**Exercise inputs**.
BEGIN

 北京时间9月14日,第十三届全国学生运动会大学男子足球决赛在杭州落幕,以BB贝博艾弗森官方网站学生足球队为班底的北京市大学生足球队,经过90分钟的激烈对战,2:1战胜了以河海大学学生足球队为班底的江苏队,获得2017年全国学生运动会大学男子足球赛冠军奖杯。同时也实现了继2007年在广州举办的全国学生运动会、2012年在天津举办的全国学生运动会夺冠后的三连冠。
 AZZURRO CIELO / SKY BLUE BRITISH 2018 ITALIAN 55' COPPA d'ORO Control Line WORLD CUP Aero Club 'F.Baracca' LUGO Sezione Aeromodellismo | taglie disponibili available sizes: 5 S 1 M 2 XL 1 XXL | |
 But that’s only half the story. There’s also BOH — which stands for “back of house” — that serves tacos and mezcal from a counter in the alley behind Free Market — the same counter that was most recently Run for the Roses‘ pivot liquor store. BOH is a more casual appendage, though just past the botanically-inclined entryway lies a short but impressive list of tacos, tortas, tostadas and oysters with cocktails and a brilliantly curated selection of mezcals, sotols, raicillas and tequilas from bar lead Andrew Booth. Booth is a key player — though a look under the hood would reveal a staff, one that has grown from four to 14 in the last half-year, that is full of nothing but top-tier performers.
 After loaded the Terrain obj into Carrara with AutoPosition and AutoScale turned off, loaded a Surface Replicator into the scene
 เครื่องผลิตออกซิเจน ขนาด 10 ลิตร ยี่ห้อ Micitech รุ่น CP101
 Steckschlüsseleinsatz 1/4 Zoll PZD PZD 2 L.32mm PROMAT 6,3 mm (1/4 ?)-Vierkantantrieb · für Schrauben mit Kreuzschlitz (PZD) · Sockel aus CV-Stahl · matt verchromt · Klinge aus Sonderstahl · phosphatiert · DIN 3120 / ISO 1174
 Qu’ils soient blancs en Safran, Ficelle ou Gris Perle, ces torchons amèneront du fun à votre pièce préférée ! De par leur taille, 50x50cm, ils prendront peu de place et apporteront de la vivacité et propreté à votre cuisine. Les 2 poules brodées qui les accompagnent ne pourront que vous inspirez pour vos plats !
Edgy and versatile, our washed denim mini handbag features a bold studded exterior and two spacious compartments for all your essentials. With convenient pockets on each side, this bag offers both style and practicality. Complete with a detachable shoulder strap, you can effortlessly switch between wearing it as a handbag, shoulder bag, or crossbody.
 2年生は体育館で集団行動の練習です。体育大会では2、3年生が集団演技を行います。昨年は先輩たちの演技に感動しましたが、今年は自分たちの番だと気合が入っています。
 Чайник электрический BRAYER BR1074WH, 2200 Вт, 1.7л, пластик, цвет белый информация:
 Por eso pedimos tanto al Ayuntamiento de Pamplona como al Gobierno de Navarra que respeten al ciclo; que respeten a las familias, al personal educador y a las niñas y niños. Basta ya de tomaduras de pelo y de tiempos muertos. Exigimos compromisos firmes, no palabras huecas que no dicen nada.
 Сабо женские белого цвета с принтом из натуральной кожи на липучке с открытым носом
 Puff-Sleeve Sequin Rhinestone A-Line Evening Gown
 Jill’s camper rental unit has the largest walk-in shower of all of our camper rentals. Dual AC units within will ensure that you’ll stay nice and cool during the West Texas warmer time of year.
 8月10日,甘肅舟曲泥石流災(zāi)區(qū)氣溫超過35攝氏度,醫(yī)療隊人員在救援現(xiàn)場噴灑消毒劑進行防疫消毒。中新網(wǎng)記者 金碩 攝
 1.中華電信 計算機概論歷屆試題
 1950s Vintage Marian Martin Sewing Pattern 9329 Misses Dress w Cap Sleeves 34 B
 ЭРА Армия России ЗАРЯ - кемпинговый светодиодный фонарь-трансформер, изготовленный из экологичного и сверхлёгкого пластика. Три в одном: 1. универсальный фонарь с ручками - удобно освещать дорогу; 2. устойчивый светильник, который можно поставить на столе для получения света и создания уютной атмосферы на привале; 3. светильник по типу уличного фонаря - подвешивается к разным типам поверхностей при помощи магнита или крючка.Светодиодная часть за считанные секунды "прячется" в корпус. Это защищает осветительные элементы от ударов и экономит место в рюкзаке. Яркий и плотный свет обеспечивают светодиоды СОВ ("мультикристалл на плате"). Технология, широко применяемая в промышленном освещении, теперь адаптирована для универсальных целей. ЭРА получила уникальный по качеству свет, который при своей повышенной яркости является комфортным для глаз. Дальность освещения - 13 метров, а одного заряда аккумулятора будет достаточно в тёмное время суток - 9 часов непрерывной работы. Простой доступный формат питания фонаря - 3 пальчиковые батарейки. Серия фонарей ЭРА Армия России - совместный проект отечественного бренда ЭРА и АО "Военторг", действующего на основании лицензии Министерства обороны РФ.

END

**Your assignment**.
What you return must be the lines above that run from the line with "เครื่องผลิตออกซิเจน ขนาด 10" to the line with "Чайник электрический BRAYER", inclusive, each copied exactly.

**Solution to this problem**.
 เครื่องผลิตออกซิเจน ขนาด 10 ลิตร ยี่ห้อ Micitech รุ่น CP101
 Steckschlüsseleinsatz 1/4 Zoll PZD PZD 2 L.32mm PROMAT 6,3 mm (1/4 ?)-Vierkantantrieb · für Schrauben mit Kreuzschlitz (PZD) · Sockel aus CV-Stahl · matt verchromt · Klinge aus Sonderstahl · phosphatiert · DIN 3120 / ISO 1174
 Qu’ils soient blancs en Safran, Ficelle ou Gris Perle, ces torchons amèneront du fun à votre pièce préférée ! De par leur taille, 50x50cm, ils prendront peu de place et apporteront de la vivacité et propreté à votre cuisine. Les 2 poules brodées qui les accompagnent ne pourront que vous inspirez pour vos plats !
Edgy and versatile, our washed denim mini handbag features a bold studded exterior and two spacious compartments for all your essentials. With convenient pockets on each side, this bag offers both style and practicality. Complete with a detachable shoulder strap, you can effortlessly switch between wearing it as a handbag, shoulder bag, or crossbody.
 2年生は体育館で集団行動の練習です。体育大会では2、3年生が集団演技を行います。昨年は先輩たちの演技に感動しましたが、今年は自分たちの番だと気合が入っています。
 Чайник электрический BRAYER BR1074WH, 2200 Вт, 1.7л, пластик, цвет белый информация:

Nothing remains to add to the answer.